Roasted lamb shoulder in Taunton Vintage Cider (Serves 6-8)
Lamb with potatoes:
- 1 bottle of Taunton Vintage Cider, 500ml
- 2 medium white onions, skinned, halved and sliced
- 1 lamb shoulder, bone in approx. 1.7kg
- 3 sprigs of rosemary
- 3 large cloves of garlic
- 2-3 bay leaves
- 800g firm potatoes (King Edward), peeled and sliced into rounds
- 2 tsp of honey
- Salt and pepper
Taunton cider gravy:
- Cider stock from the lamb (Cool for few hours/overnight so the fat sets)
- 1 tsp Worcester sauce
- 1 tsp of honey
- 20g cornflour, mixed with a splash of cold water
- Sprig of rosemary
- Salt and pepper
- Throw the sliced onions onto a baking tray. Add the garlic cloves, rosemary and then place the lamb on top.
- Pour the Taunton vintage cider over the lamb. Season the lamb with salt and pepper, drizzle over the honey and add in the bay leaves. Cover with tin foil and roast in the oven for 3 ½ hours at 170°C/340°F/Gas mark 3
- Meanwhile, add the sliced potatoes to a different roasting dish and season them with salt and pepper. Set aside.
- Once the lamb comes out of the oven. Momentarily place the lamb onto a separate plate. Then pour the cooking juices from the roasting tray into a separate bowl using a sieve to catch any onions.

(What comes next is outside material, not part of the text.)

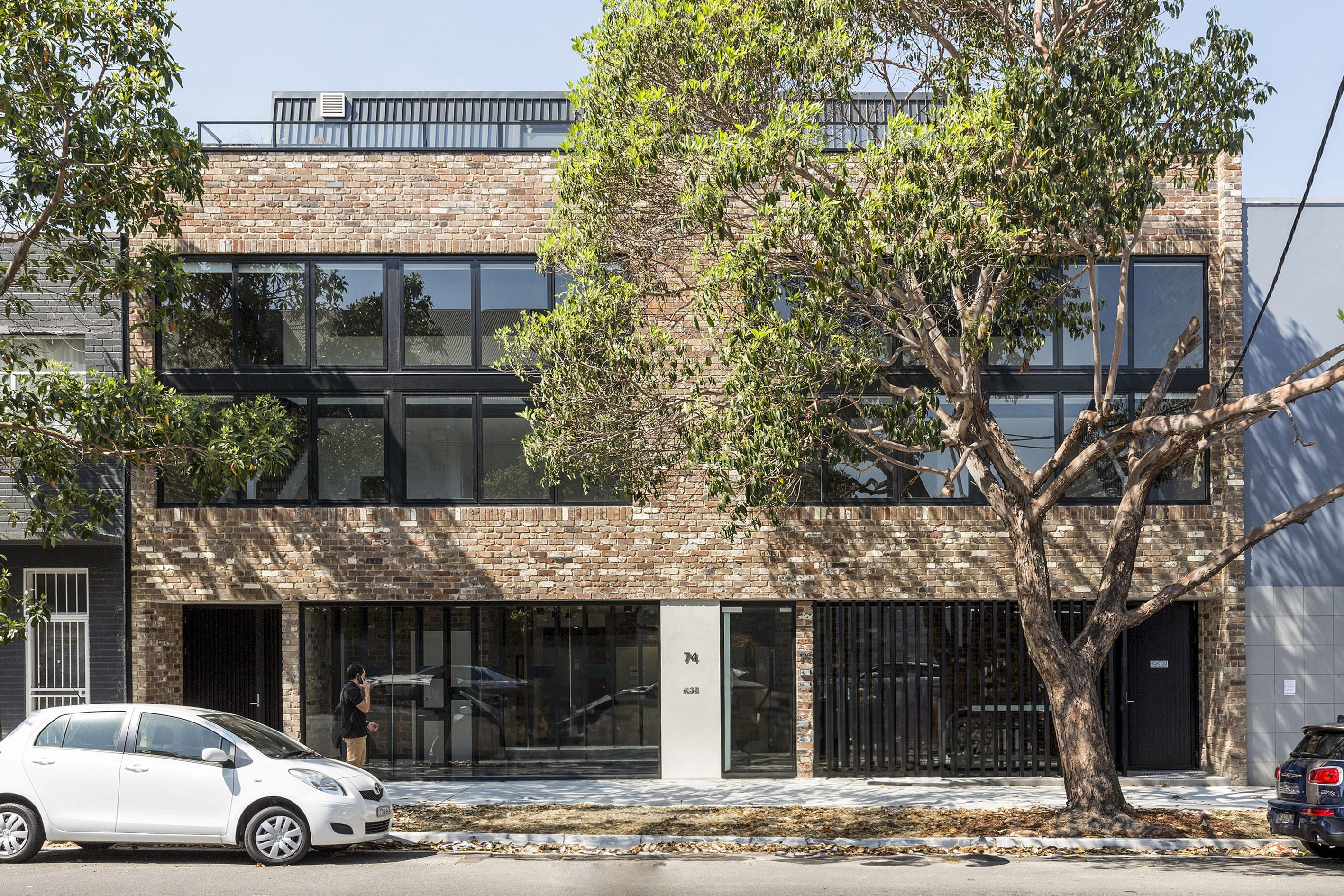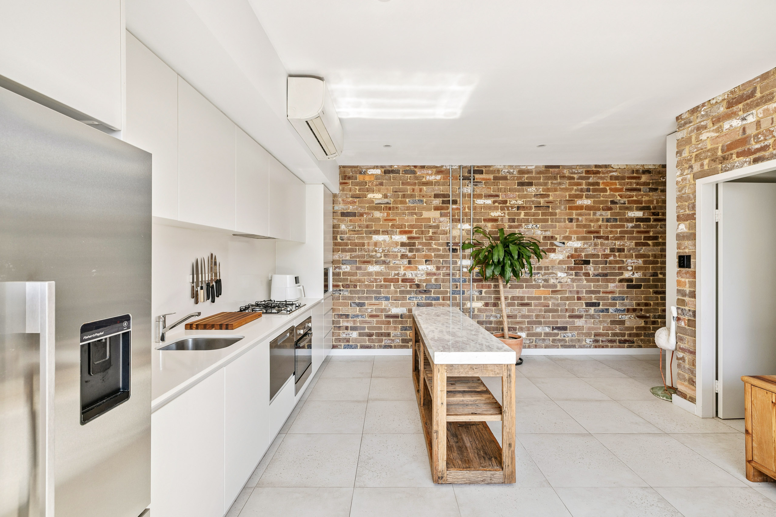 - Exposed brickwork, raw concrete and steel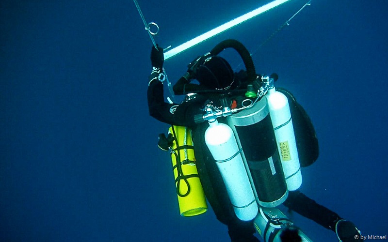 Und schon sind auch die 30 Minuten Grundzeit in ca. 75m Tiefe wieder um und wir beginnen mit dem Aufstieg. Die Guides geben ihr Bestes, um uns zu entlasten – auch die nicht mehr benötigten Stages werden von ihnen eingesammelt.

- Place most of the onions in with the potatoes and give them a mix around, and then sit the lamb shoulder on top of the potatoes. Add 3 tablespoons of the cooking juices onto the potatoes.
- Place the lamb back into the oven for 1 ¼ hours at 180°C/350°F/Gas mark 4 being sure to cover with a piece of tin foil if it is going too dark on top.
- To make the gravy, remove any solidified fat or spoon off the excess fat. Place the juices into a sauce pan and bring to the boil on a medium/high heat and reduce the stock by a third.
- Add the Worcester sauce, honey, rosemary, salt and pepper and then add the cornflour and stir. It will start to thicken to a gravy. Add more cornflour if you would like a thicker gravy.
- Serve slices of lamb with potatoes and vegetables of your choice, with gravy and mint sauce! Enjoy.
Fuss Free Tips …
- When I return the lamb to the oven (uncovered) for a second time, I like to cover any bones that have been revealed with a piece of tin foil to avoid it burning.
- This is a great dish to start to prepare the day before up until stage 5, and continue from stage 6 when you are ready.
- This dish can be served with the simplest of greens cooked in butter (kale, cavalo nero or savoy cabbage), roasted heritage or chantenay carrots. With the lamb being rich, simplicity works well here!